Le Mali doit en faire une priorité aux côtés de ceux qui nous aident et s’employer à bénéficier du soutien de notre voisin algérien dans cette optique. Combattre les terroristes, notamment ceux qui dirigent les mouvements terroristes, ne veut pas dire assimiler à eux tous les jeunes désœuvrés enrôlés, souvent à leur corps défendant. Nous le savons tous, la majorité de ces jeunes ne sont pas des fous furieux, loin de là ! De nombreux rapports indiquent pertinemment que certains parmi eux se sont engagés pour trouver un emploi et avoir une rémunération, d’autres par peur de représailles ou pour protéger leurs familles. Il se trouve parmi eux, même des jeunes qui ont embrassé la cause terroriste pour simplement exister, être considérés et avoir quelques faveurs au sein de leurs communautés. Nous devons traiter cette réalité à sa dimension et engager les voies et moyens permettant de retirer ces jeunes d’entre les griffes de marchands de morts fanatisés.
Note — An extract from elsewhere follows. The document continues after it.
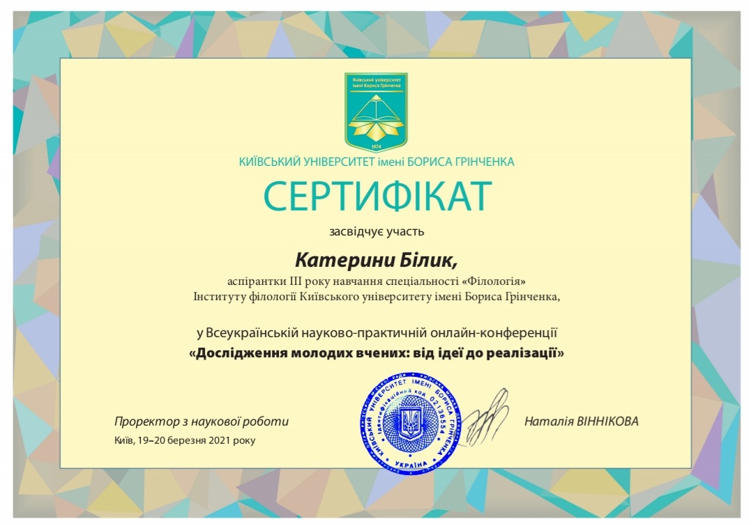 | 10496 | Всеукраїнська науково-практична онлайн-конференція «ДОСЛІДЖЕННЯ МОЛОДИХ ВЧЕНИХ: ВІД ІДЕЇ ДО РЕАЛІЗАЦІЇ» | - | Київський столичний університет імені Бориса Грінченка | document.pdf | |

De nombreuses actions doivent être envisagées dans cette perspective. Il faut mettre à profit le caractère intégré de nos communautés, convier les leaders traditionnels, religieux et les mécanismes disponibles pour identifier et convaincre certains de nos jeunes à abandonner la voie des terroristes. Le processus de paix peut être mis à profit pour les inscrire dans les dynamiques Désarmement Démobilisation et Réinsertion (DDR).
L’initiative algérienne de la loi sur la concorde civile peut aussi être envisagée pour amnistier certains auteurs de délits mineurs et faire bénéficier aux auteurs de crimes de peines atténuées afin de les soustraire de la dynamique jusqu’au-boutiste du terrorisme. Le Mali est constellé de réseaux, d’organisations traditionnelles, de leaders influents et de mécanismes appropriés pour nous permettre de faire un travail fouillé sur la question de nos jeunes embrigadés et obtenir quelques résultats appréciables sur ce segment. Cela constituerait idéalement la démarche à suivre pour contribuer à affaiblir la dynamique terroriste et d’insécurité qui nous préoccupent en ce moment. Il n’est pas utile de se focaliser sur des leaders inscrits dans d’autres trajectoires.